Today I’ve been working to fix an old problem which beats us, Python users, from time to time: the recursive limitation in the regular expression engine, SRE. I’ll probably talk more about this fix in the future. For now, I’d like to explain a technique I’ve used, following a suggestion by Skip Montanaro (thanks Skip!), to improve the test suite of the SRE engine. This technique consists of using the gcov tool, part of gcc, to obtain a coverage report from the test suite.
Ok.. here we go. The first thing to do is to compile _sre.c with coverage support. Checking the manual of gcov you’ll see that we need the options -fprofile-arcs -ftest-coverage while compiling the _sre.o object, so that it generates the necessary information while Python is running functions inside it. Let’s do it (I got the original command from make output):
gcc -fprofile-arcs -ftest-coverage -pthread -g -Wall -Wstrict-prototypes -I. -I./Include -DPy_BUILD_CORE -c ./Modules/_sre.c -o Modules/_sre.o
Besides generating the object with support to coverage tests, it will output the following files:
- tmp.stdout.22153.bb
- tmp.stdout.22153.bbg
This is a little bit strange, since the manual and the gcov program says these files should be called _sre.bb and _sre.bbg. Luckily, it was just a matter of renaming these files to the right names.

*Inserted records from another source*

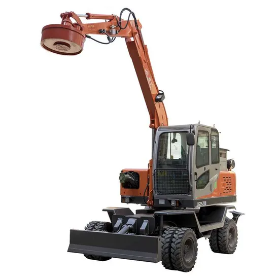 Wheel excavator with electro and magnetic sucker magnet chuck for lifting steel scraps
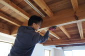 7/08/'15 ・もともと倉庫として建てていたので、耐力壁が少なく、 今回は、耐力壁を補いながらの工事となりました。 ・約 間中(まなか) 半間ですが、増築します。 増築する部分に、トイレと洗面コーナー、食品庫を設置 します。快適なトイレになるはずです♪ ・この現場をやってくださっている 古川大工サン。 ・お手伝いの大工サン、長年の埃を 丁寧に掃き落して くれています。 |
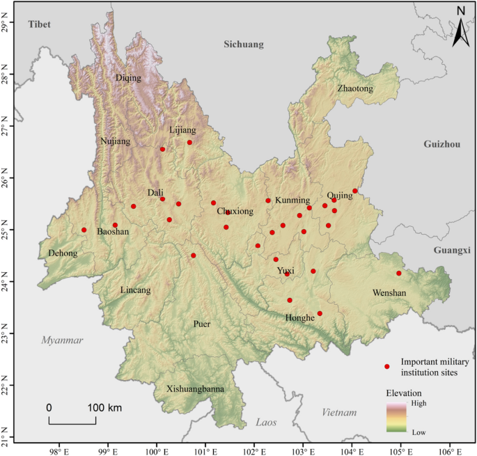 Spatiotemporal characteristic of Biantun toponymical landscape for the evolution of Biantun culture in Yunnan, China The geographical environment of Yunnan Province in China and Han migration during the Ming Dynasty contributed to the development of the Biantun culture. Biantun toponyms (BTT) record the integration process between the Central Plains and native Yunnan cultures. The GIS analysis method of toponyms was used in this study to reproduce the settlement characteristics of BTT and the spatial development of the Biantun culture in the Ming and Qing Dynasties. In addition, we have developed a toponymical landscape index to represent the degree of spatial integration between the BTT and ethnic minority toponyms in Yunnan and explore the spatial characteristics of the integration of Han immigrants and local ethnic minorities. The results show that the spatial distribution of the BTT is consistent with the sites selection of the Tuntian (屯田) in Yunnan during the Ming and Qing Dynasties, and the centroids of BTT spread to outskirts and intermontane area from central towns. In the Dali, Kunming, Qujing and other regions, the distribution characteristics of the integrated of BTT and ethnic minority toponyms reflect a higher degree of Sinicization in the central urban areas. Exploring the evolution of Biantun cultural development through the spatial characteristics of toponymical landscapes can help adjust policies for the development and protection of Biantun cultural resources. The ‘Tun (屯)’ in the Biantun culture originally means cluster, and ‘Biantun (边屯)’ refers to established settlements (clusters) in frontier regions. Specifically, Biantun culture refers to a comprehensive cultural phenomenon that occurred during the historical process of developing, building, and defending the frontier by the ethnic groups who migrated and settled in those frontiers, as well as their native residents. Biantun culture takes the Central Plains culture as the core, relies on the frontier regional culture, integrating the traditional culture of the local ethnic groups, with the typical cultural characteristics of garrison reclamation to guard the frontier1.Yunnan is a large province in the frontier and has been an important region for ethnic migration and cultural exchanges since ancient times. During the Hongwu (洪武) period of the Ming Dynasty, after stabilizing the situation in Yunnan, the Ming government established the WeiSuo (卫所)2,3,4 system and local institutions at different levels, carried out reclamation by garrisoning Yunnan. In order to meet the needs of military defense and facilitate the conditions for farming, the military WeiSuo were mainly stationed at important military places and basin districts, distributed along major traffic roads and around cities and towns5. Due to the development of the military Tun, civilian Tun and commercial Tun, a large number of Han immigrants from the Central Plains came to Yunnan and gradually integrated with the local ethnic groups through processes such as intermarriage. With the resulting changes in population structure, ethnic distribution, production relations, political systems, and cultural orientation, the Biantun culture of Yunnan flourished during this period1. There are still a large number of Biantun relics in Yunnan, such as toponyms such as Suo (所), Ying (营), Tun (屯), Pu (铺), etc. and guild halls. The protection of Biantun culture in Yunnan Province—including Yongsheng County, the site of Lancang Wei (卫), Mao’s Ancestral Hall, and Taliu (他留) culture6,7—provides rich resources for modern researchers.A cultural landscape is an area shaped by historical human activities, which possesses or retain special cultural value8. As an important part of a cultural landscape, toponyms are a powerful source of information. Toponyms can preserve information about social, linguistic, and political changes; production economy; military activities; and more9,10. As such, toponyms can provide information on the ways in which communities of historical settlers perceived and transformed their environments.Since 1990, quantitative research has gradually become the mainstream research method of place names. Computer technology has been introduced to optimize traditional research methods, promote the research of place names and cultural landscapes, and accumulate rich research results, such as national toponyms, plant toponyms and so on11,12,13,14,15,16. In addition, Siwei Qian et al.17 used spatial analysis methods to study the relationship between the spatial pattern of toponyms, ethnic population and topographical factors. Franco Capra et al.18 integrated an ethnopedological approach and mathematical statistics to study Sardinian toponyms influenced by natural and social factors. In summary, the main characteristics of quantitative research on toponyms is to combine traditional cultural geography research ideas, using GIS technology, computer technology and quantitative analysis methods to analyze toponym landscapes9.In this paper, we will analyze the evolution of Biantun culture from the perspective of BTT. The research on the BTT has so far been limited to the review of cultural connotations and historical evolution1,19,20. Most studies focused on Yongsheng County7,21 and lacked quantitative analysis. From the perspective of historical geography, we use GIS to quantitatively analyze the spatiotemporal distribution characteristics and historical evolution of the cultural landscape of BTT in Yunnan to reveal the relationship between spatial patterns of toponyms and the populations at different periods. The methods used in this study allow exploration of the geographical and spatial patterns of ethnic integration, which may introduce a new perspective on the emergence of Biantun culture.Yunnan is located on the southwestern border of China (Fig. 1). During the early Ming Dynasty (AD1368-1435), wars in Yunnan were freq

Now that we have the “right” object, with coverage test support, we can ask make to do the rest of the work for us. After running it you’ll get the python executable we’ll use in our coverage tests.

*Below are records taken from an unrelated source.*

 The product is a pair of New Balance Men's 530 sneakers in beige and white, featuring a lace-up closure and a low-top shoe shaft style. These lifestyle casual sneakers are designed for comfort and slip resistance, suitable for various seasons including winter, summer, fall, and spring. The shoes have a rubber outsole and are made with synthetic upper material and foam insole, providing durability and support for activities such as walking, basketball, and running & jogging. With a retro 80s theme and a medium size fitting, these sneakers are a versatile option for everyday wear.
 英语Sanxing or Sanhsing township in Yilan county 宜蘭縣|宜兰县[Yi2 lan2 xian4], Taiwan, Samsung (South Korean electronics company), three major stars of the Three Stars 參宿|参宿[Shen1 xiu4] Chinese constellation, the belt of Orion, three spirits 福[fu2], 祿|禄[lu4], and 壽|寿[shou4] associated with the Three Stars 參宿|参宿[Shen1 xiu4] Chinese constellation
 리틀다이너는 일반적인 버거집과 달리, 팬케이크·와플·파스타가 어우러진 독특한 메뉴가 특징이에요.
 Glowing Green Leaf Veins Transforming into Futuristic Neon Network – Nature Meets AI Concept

Ok.. we have the prepared executable, and some of the necessary information files. We need one more information file, before running gcov: the file which is generated when the test suite is run, with the coverage information for _sre.c. To get this file, it’s just a matter of running the test suite with our “magic” python executable:
./python Lib/test/test_re.py
After that, we got the last needed file:
- tmp.stdout.19080.da
Rename it to _sre.da as you did with the other ones. You’ll probably want to automate some of these steps to achieve a fast test cycle.

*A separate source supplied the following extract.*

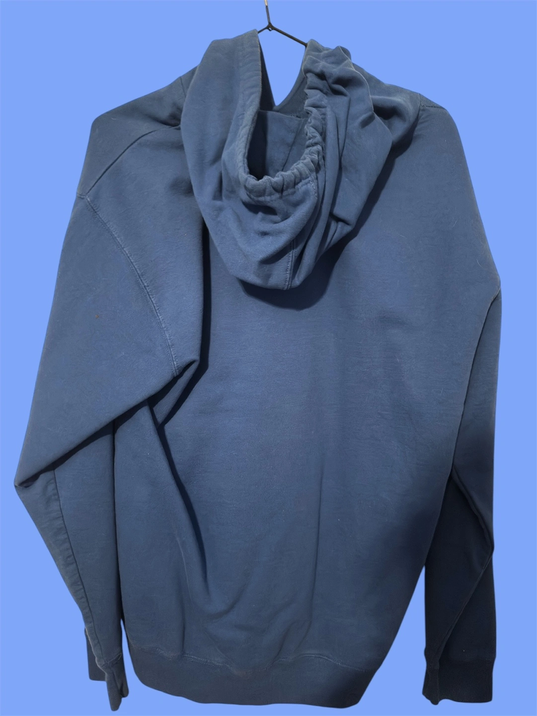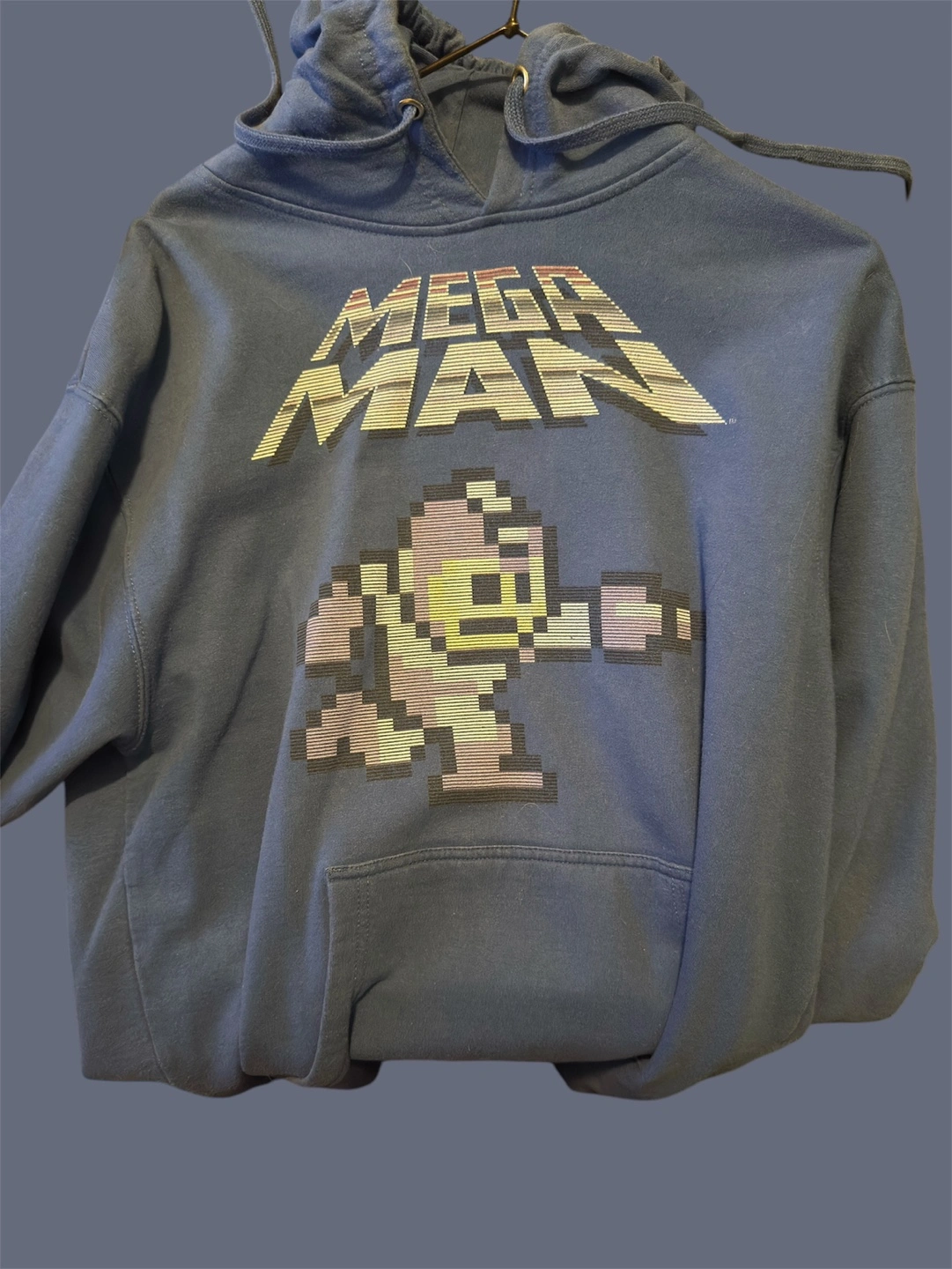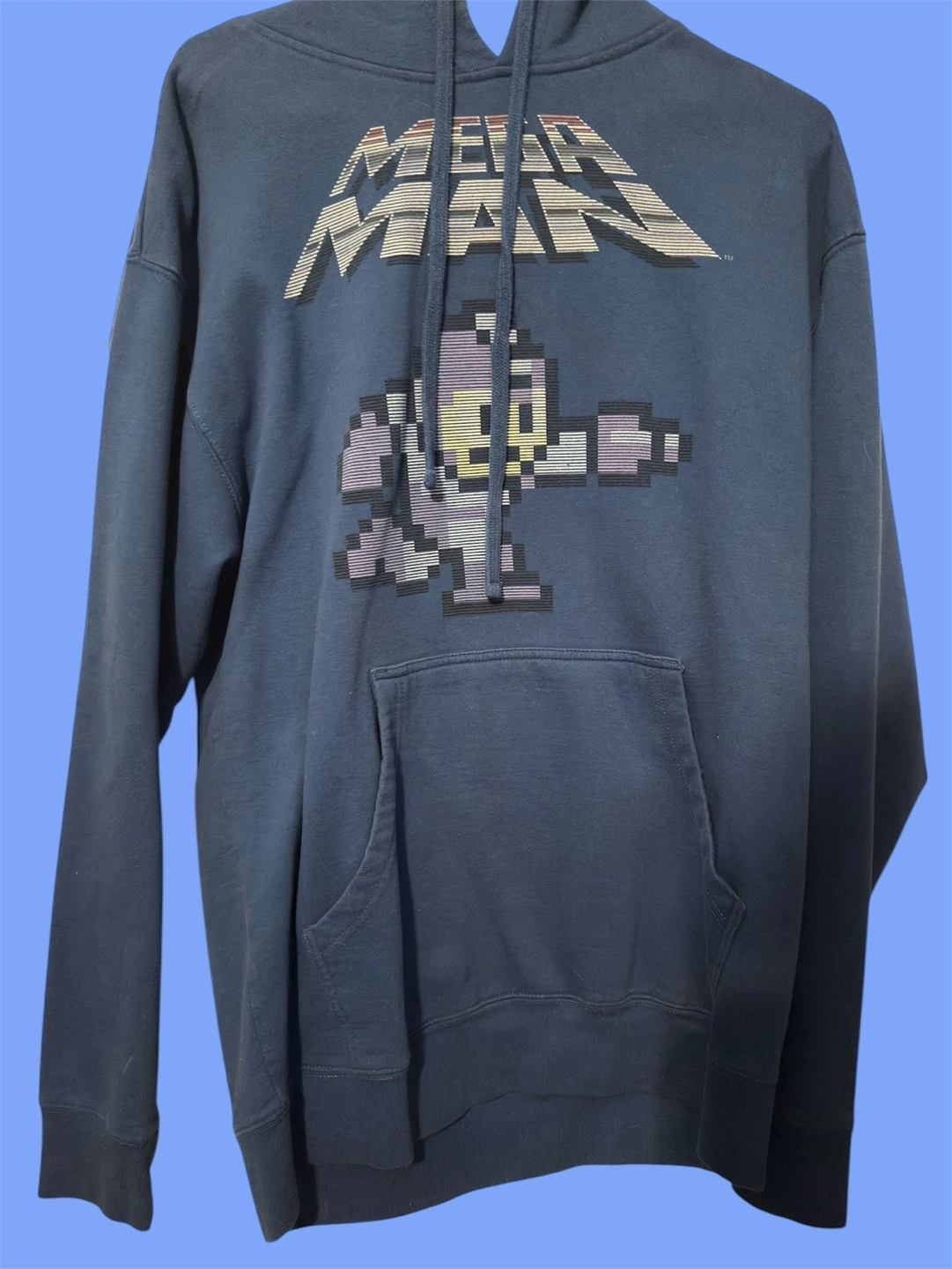Men's Mega Man hooded sweatshirt. Blue. 80% cotton 20% polyester. Midweight. Features a pixelated Mega Man graphic.

Now we’re ready to get our coverage report:
gcov -o . Modules/_sre.c
Bingo! We should have a file named _sre.c.gcov in the current directory. This is a text report which includes the source code with information about how many times each line was executed, and marks like ###### showing which ones weren’t executed at all.
With this information, we are able to improve the test suite, making it cover as much as possible from the module code (after some iterations, of course ;-) ).